## Data records
____________________

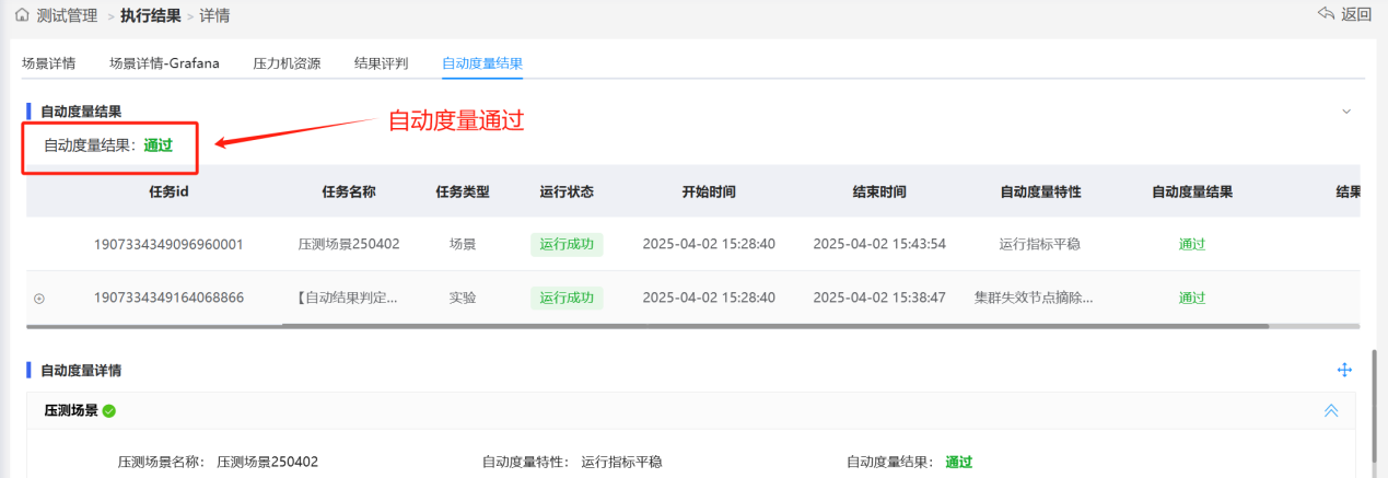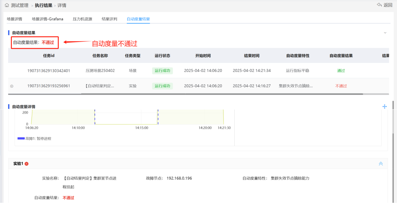 混沌工程实验的自动结果判定功能,支持用户在创建混沌工程实验时选择稳定性度量策略并设置度量规则。实验运行结束后,平台将根据规则对实验结果数据进行自动度量计算与分析,判定实验是否通过。
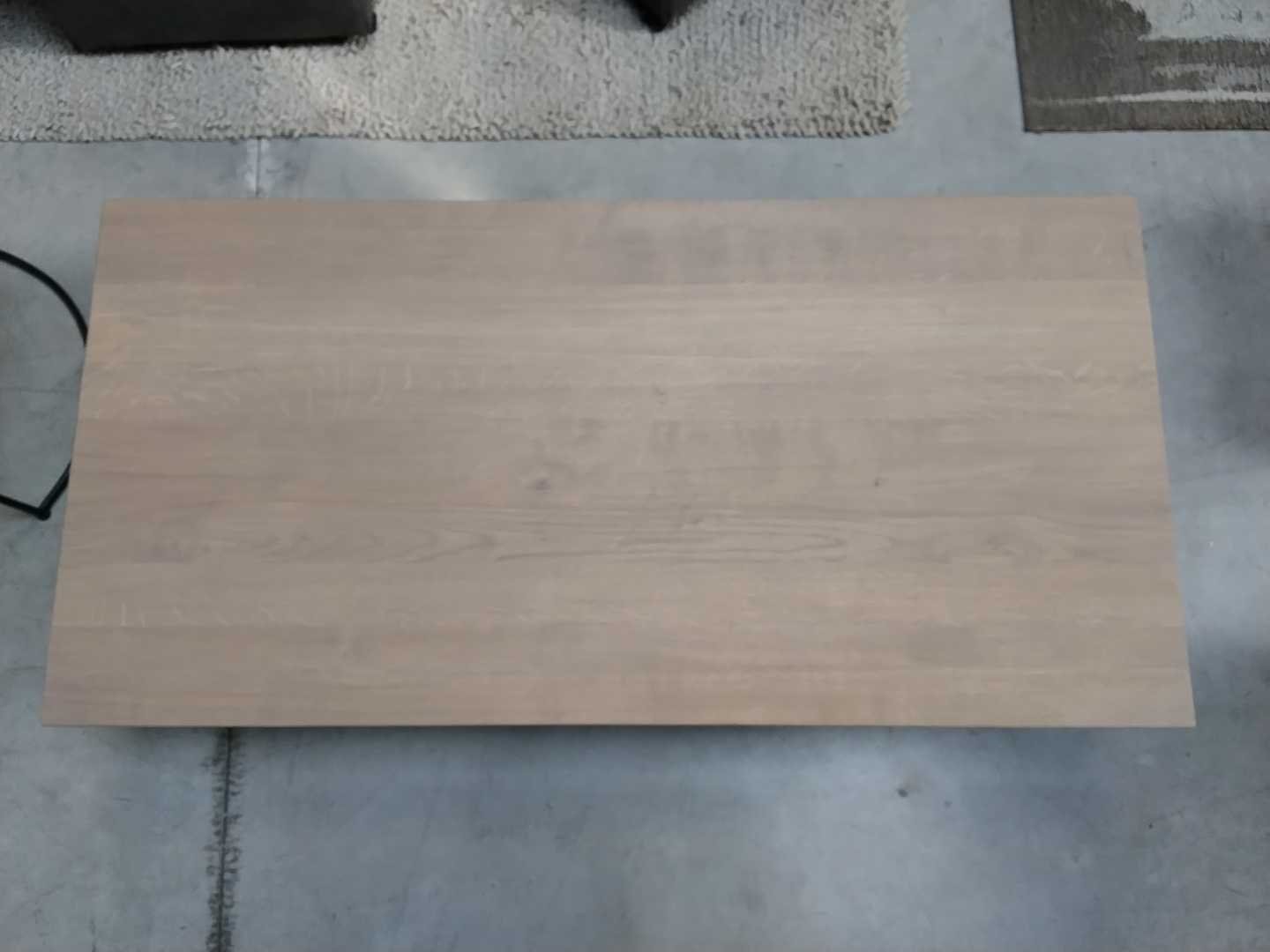Massief eiken salontafel met 2 lades No Lengte: 140cm Breedte: 70cm Hoogte: 41cm Materiaal: Massief eik
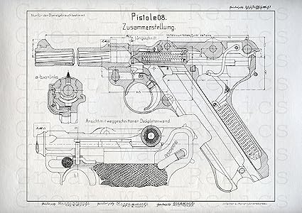 Amazon Com P08 Luger Pistol 13 X 16 9 Black Wood Framed White
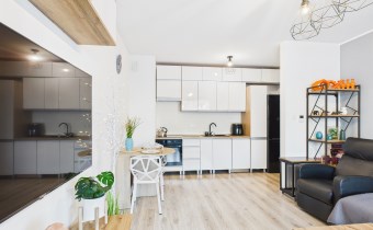 Z przestronnego salonu prowadzi wyjście na balkon o szerokości całego salonu, stanowiący idealne miejsce do wypoczynku. Kuchnia została wykonana w nowoczesnej zabudowie i wyposażona w nowoczesny sprzęt AGD, zapewniający komfort codziennego użytkowania. Mieszkanie oferuje liczne, pojemne szafy, które gwarantują dużą ilość miejsca do przechowywania.
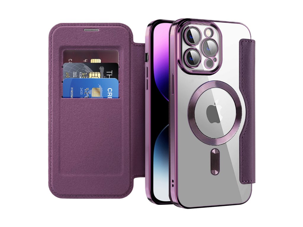 Techsuit - SmartMag Book puzdro na iPhone 14 Pro Max - fialové
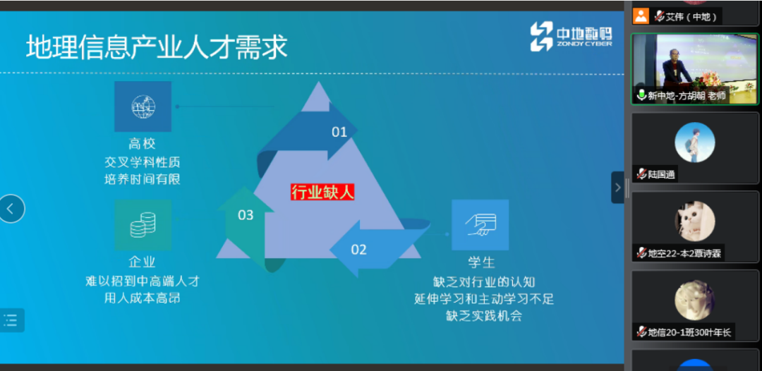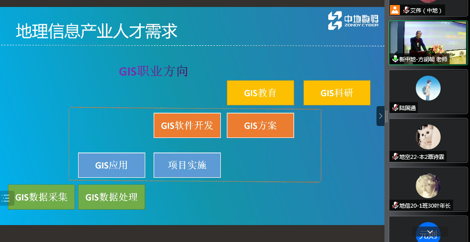 在讲到GIS行业人才职业规划,方主任介绍:企业面向GIS相关专业的毕业生,提供的岗位较多,特别是GIS开发岗,人才需求巨大,在校期间,同学们在掌握GIS理论知识的同时,也需要掌握计算机编程知识,将计算机编程技能与GIS结合,参与企业实践或项目开发实践,不断提升GIS开发能力,为以后就业打下扎实基础。
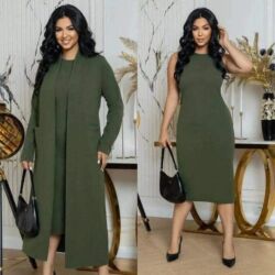 - Set od 2 dela: bezrukavna midi haljina i dugi kardigan
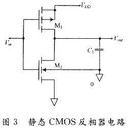以反相器為例說明這種電路的工作原理,如圖1所示。M1和M2的連接方式與傳統(tǒng)的靜態(tài)CMOS邏輯電路相似。不同的是電源不再是恒定不變的,而是用一個(gè)正弦信號(hào)代替,這個(gè)信號(hào)同時(shí)起到同步電路工作的作用,因此又稱作電源時(shí)鐘。M3和M4連接成二極管的形式用來控制充放電的路徑。
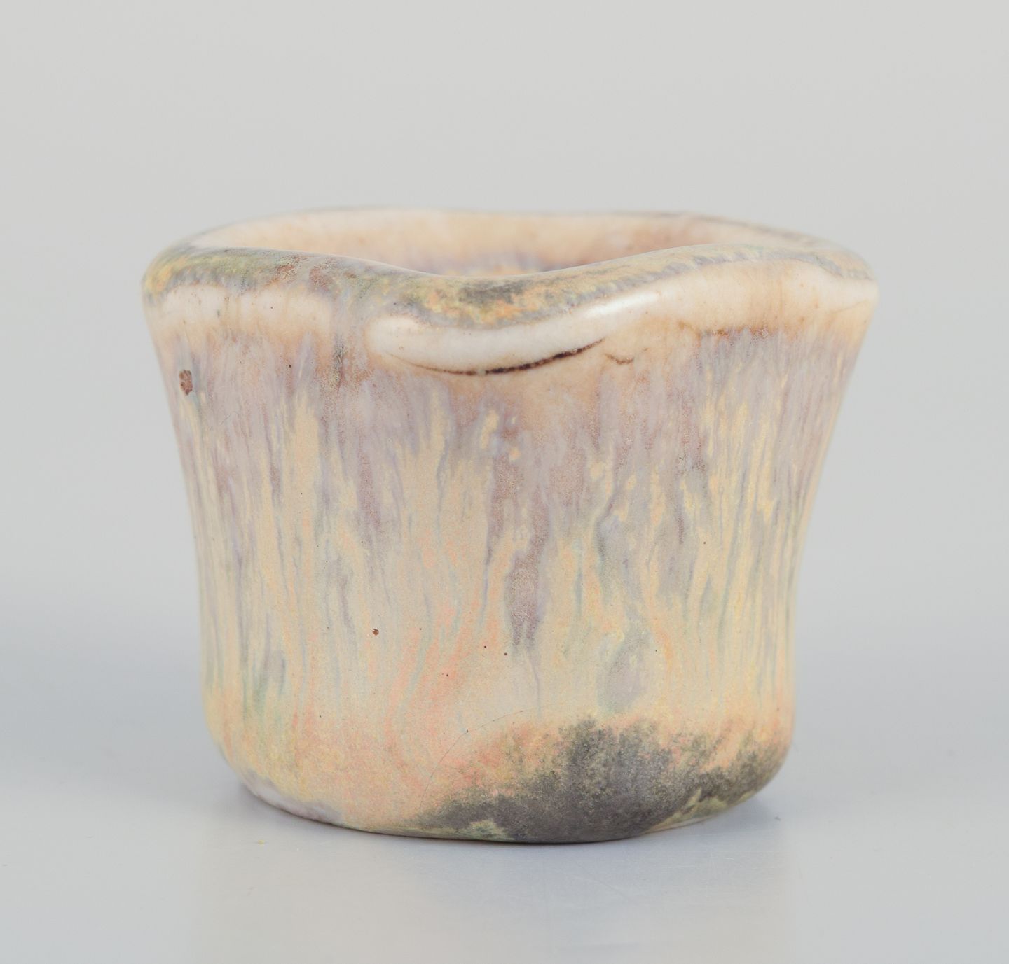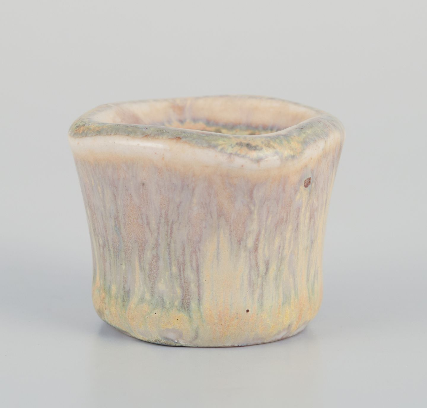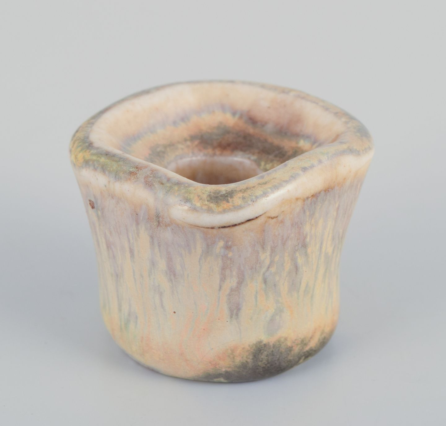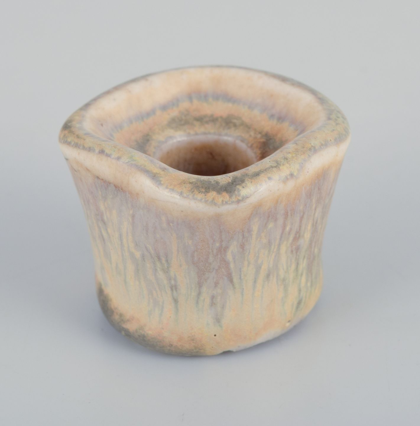 Lille lysestage i keramik. Glasur i gule og sandfarvede toner.
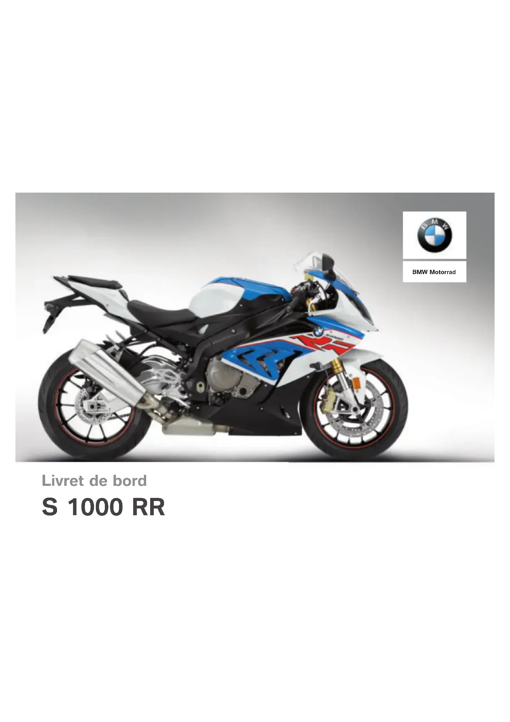 Livret de bord S 1000 RR BMW MotorradDonnées moto / concessionnaire Données de la moto Modèle Numéro d'identification du véhicule Code couleur Première immatriculation N° d'immatriculation Données du concessionnaire Interlocuteur au service après-vente Madame/Monsieur N° de téléphone Adresse du concessionnaire/Téléphone (cachet de la société)Bienvenue dans le monde de BMW Nous vous félicitons d'avoir porté votre choix sur une moto BMW Motorrad et vous accueillons dans le cercle des pilotes BMW. Familiarisez-vous avec votre nouveau véhicule afin d'être en mesure de vous déplacer en toute sécurité sur les routes. À propos de ce livret de bord Veuillez prendre le temps de lire ce livret de bord avant de prendre la route avec votre nou- velle BMW. Vous y trouverez des indications importantes pour l'utilisation de votre véhicule qui vous aideront à exploiter pleine- ment les avantages techniques de votre BMW. Vous trouverez en outre des in- formations sur l'entretien et la maintenance de votre moto qui vous permettront d'en optimiser la fiabilité, la sécurité et la valeur de revente. La justification de l'exécution des travaux de maintenance est une condition préalable à toute pres- tation fournie à titre commercial. Si vous vendez un jour votre BMW, n'oubliez pas de remettre aussi le livret de bord. Il consti- tue un élément important de votre véhicule. Suggestions et critiques Votre concessionnaire BMW Motorrad se fera un plaisir de vous conseiller et de répondre à toutes les questions que vous pourrez lui poser sur votre véhicule. Nous vous souhaitons beaucoup de plaisir au guidon de votre BMW ainsi qu'un bon voyage en toute sécurité BMW Motorrad.

____________________

## WHAT YOU WILL DO
All lines from the one containing "- Set od 2 dela: bezrukavna" through the end of the data are to be written out exactly, with nothing added; skip the pictures.

## ANSWER FOR THIS EXERCISE
 - Set od 2 dela: bezrukavna midi haljina i dugi kardigan
以反相器為例說明這種電路的工作原理,如圖1所示。M1和M2的連接方式與傳統(tǒng)的靜態(tài)CMOS邏輯電路相似。不同的是電源不再是恒定不變的,而是用一個(gè)正弦信號(hào)代替,這個(gè)信號(hào)同時(shí)起到同步電路工作的作用,因此又稱作電源時(shí)鐘。M3和M4連接成二極管的形式用來控制充放電的路徑。
 Lille lysestage i keramik. Glasur i gule og sandfarvede toner.
 Livret de bord S 1000 RR BMW MotorradDonnées moto / concessionnaire Données de la moto Modèle Numéro d'identification du véhicule Code couleur Première immatriculation N° d'immatriculation Données du concessionnaire Interlocuteur au service après-vente Madame/Monsieur N° de téléphone Adresse du concessionnaire/Téléphone (cachet de la société)Bienvenue dans le monde de BMW Nous vous félicitons d'avoir porté votre choix sur une moto BMW Motorrad et vous accueillons dans le cercle des pilotes BMW. Familiarisez-vous avec votre nouveau véhicule afin d'être en mesure de vous déplacer en toute sécurité sur les routes. À propos de ce livret de bord Veuillez prendre le temps de lire ce livret de bord avant de prendre la route avec votre nou- velle BMW. Vous y trouverez des indications importantes pour l'utilisation de votre véhicule qui vous aideront à exploiter pleine- ment les avantages techniques de votre BMW. Vous trouverez en outre des in- formations sur l'entretien et la maintenance de votre moto qui vous permettront d'en optimiser la fiabilité, la sécurité et la valeur de revente. La justification de l'exécution des travaux de maintenance est une condition préalable à toute pres- tation fournie à titre commercial. Si vous vendez un jour votre BMW, n'oubliez pas de remettre aussi le livret de bord. Il consti- tue un élément important de votre véhicule. Suggestions et critiques Votre concessionnaire BMW Motorrad se fera un plaisir de vous conseiller et de répondre à toutes les questions que vous pourrez lui poser sur votre véhicule. Nous vous souhaitons beaucoup de plaisir au guidon de votre BMW ainsi qu'un bon voyage en toute sécurité BMW Motorrad.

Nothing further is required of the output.